__What you should do__.
Repeat the lines from the line with "Kurban Berdyyev before" to the line with "Ganymede statuette, exposed" in the listing below, keeping both end lines and adding nothing.

__Material provided__.
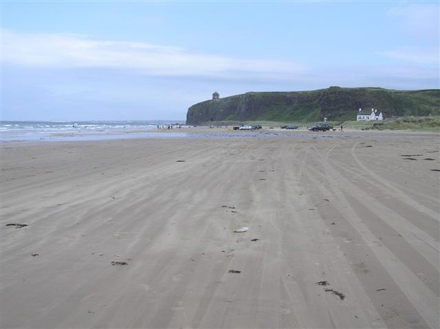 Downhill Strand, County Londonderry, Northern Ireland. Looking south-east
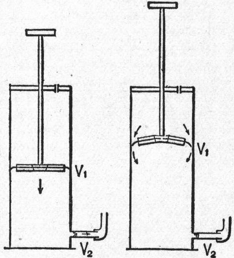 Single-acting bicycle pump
---
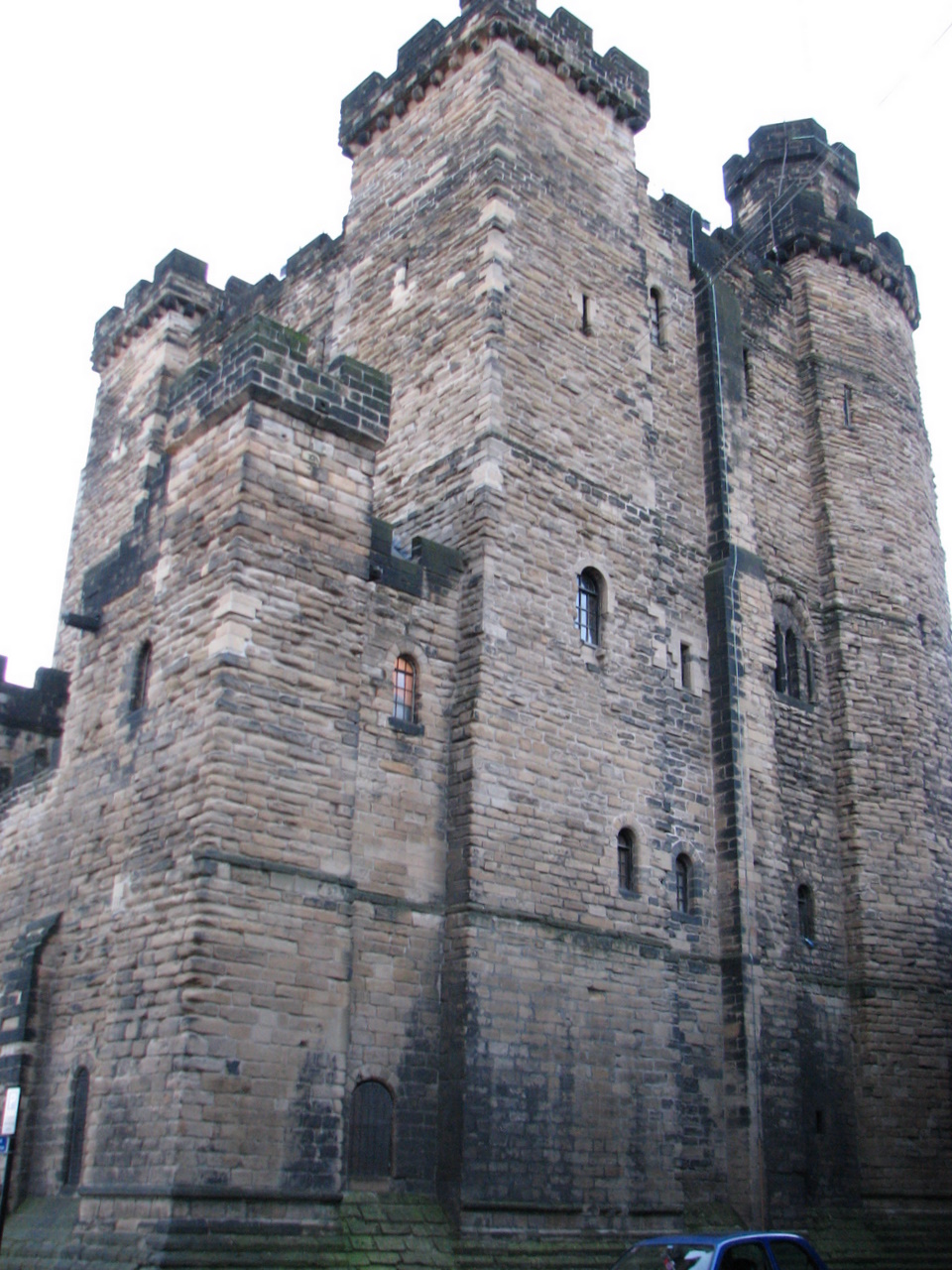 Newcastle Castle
--
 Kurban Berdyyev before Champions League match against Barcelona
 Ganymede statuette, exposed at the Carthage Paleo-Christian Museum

__Task solution__.
 Kurban Berdyyev before Champions League match against Barcelona
 Ganymede statuette, exposed at the Carthage Paleo-Christian Museum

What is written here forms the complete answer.